Finding the average for certain unique categories in a data frame

Question

If I have an R data frame that looks like this:

| Value | TestNum | RepNum |
|:-----:|:-------:|:------:|
| 104   |       1 |      1 |
| 101   |       1 |      2 |
| 101   |       1 |      3 |
| 100   |       2 |      1 |
| 100   |       2 |      2 |
| 100   |       2 |      3 |
| 90    |       3 |      1 |
| 90    |       3 |      2 |
| 90    |       3 |      3 |
| 91    |       4 |      1 |
| 94    |       4 |      2 |
| 94    |       4 |      3 |
| 105   |       5 |      1 |
| 105   |       5 |      2 |
| 108   |       5 |      3 |

Is there a way that I can modify this data frame to find the average for the 3 RepNum Values for each unique TestNum so that it looks like this:

| Mean | TestNum |
|:----:|:-------:|
| 102  |       1 |
| 100  |       2 |
| 90   |       3 |
| 93   |       4 |
| 106  |       5 |

You can create this example data frame in R by copying and pasting this code and executing it.

Value<-c(100,101,100,100,100,100,90,90,90,93,94,94,105,105,108)
TestNum<-c(1,1,1,2,2,2,3,3,3,4,4,4,5,5,5)
RepNum<-c(1,2,3,1,2,3,1,2,3,1,2,3,1,2,3)

df<-data.frame(Value,TestNum,RepNum)

EDIT: Here's a "more complete" example of the data frame I'm starting with an what I'm hoping to end up with:

| FileName | Version |  Category | Value | TestNum | RepNum |
|:--------:|:-------:|:---------:|:-----:|:-------:|:------:|
| File1    | 1.0.1   | Category1 |   104 |       1 |      1 |
| File1    | 1.0.1   | Category1 |   101 |       1 |      2 |
| File1    | 1.0.1   | Category1 |   101 |       1 |      3 |
| File1    | 1.0.2   | Category1 |   100 |       2 |      1 |
| File1    | 1.0.2   | Category1 |   100 |       2 |      2 |
| File1    | 1.0.2   | Category1 |   100 |       2 |      3 |
| File1    | 1.0.4   | Category1 |    90 |       3 |      1 |
| File1    | 1.0.4   | Category1 |    90 |       3 |      2 |
| File1    | 1.0.4   | Category1 |    90 |       3 |      3 |
| File1    | 1.0.5   | Category1 |    94 |       4 |      1 |
| File1    | 1.0.5   | Category1 |    91 |       4 |      2 |
| File1    | 1.0.5   | Category1 |    94 |       4 |      3 |
| File1    | 1.0.8   | Category1 |   105 |       5 |      1 |
| File1    | 1.0.8   | Category1 |   105 |       5 |      2 |
| File1    | 1.0.8   | Category1 |   108 |       5 |      3 |

And ending with this:

| FileName | Version |  Category | Mean_Value | TestNum |
|:--------:|:-------:|:---------:|:----------:|:-------:|
| File1    | 1.0.1   | Category1 |        102 |       1 |
| File1    | 1.0.2   | Category1 |        100 |       2 |
| File1    | 1.0.4   | Category1 |         90 |       3 |
| File1    | 1.0.5   | Category1 |         93 |       4 |
| File1    | 1.0.8   | Category1 |        106 |       5 |

As you've probably noticed, there is only 1 unique entry for both the FileName column and the Category column.

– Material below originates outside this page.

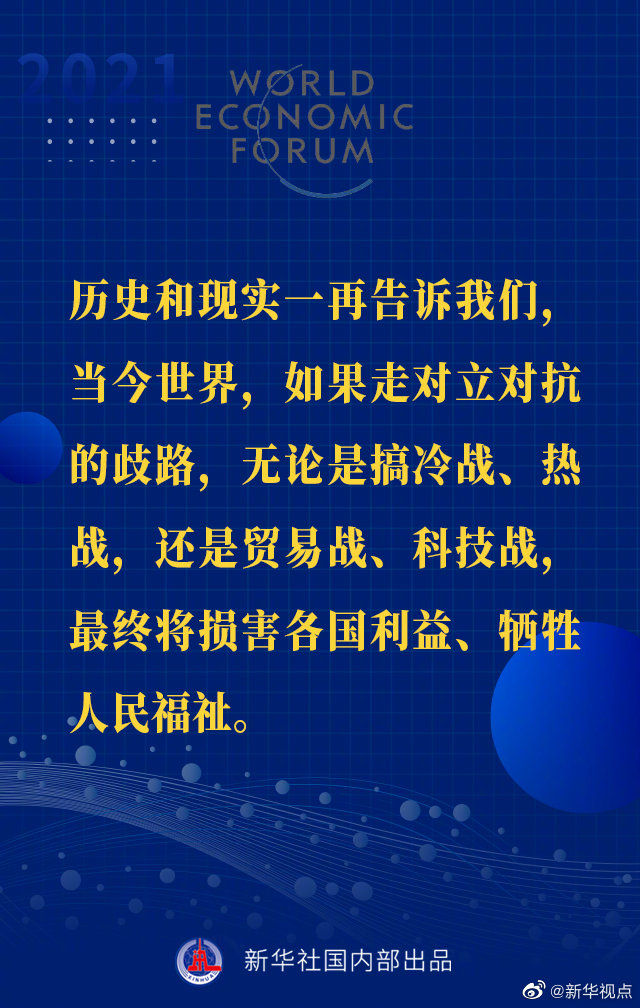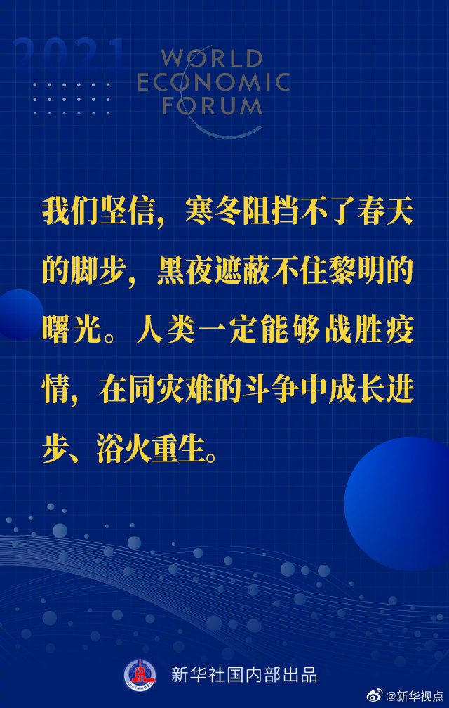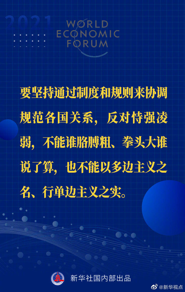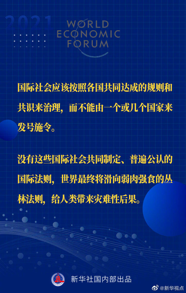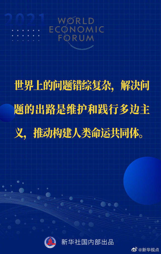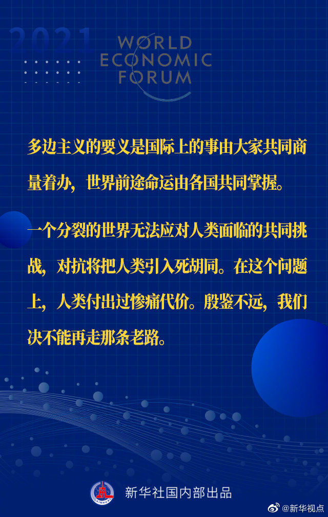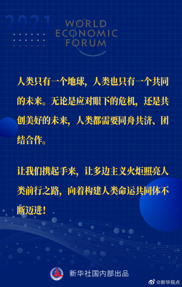 【习近平主席“达沃斯议程”特别致辞金句来啦!】1月25日晚,国家主席习近平在北京以视频方式出席世界经济论坛“达沃斯议程”对话会,并发表题为《让多边主义的火炬照亮人类前行之路》的特别致辞。一起来看金句↓↓

The Version column is changing along with the TestNum column. So it seems like it might be easiest to simply add in these other columns after I've found the mean.

In the "full" code that I'm working on, I'm getting the mean values for several different files and many unique categories but I've been creating multiple data frames that are created by subsetting an original data frame on the FileName and Category (and an additional "Case" column).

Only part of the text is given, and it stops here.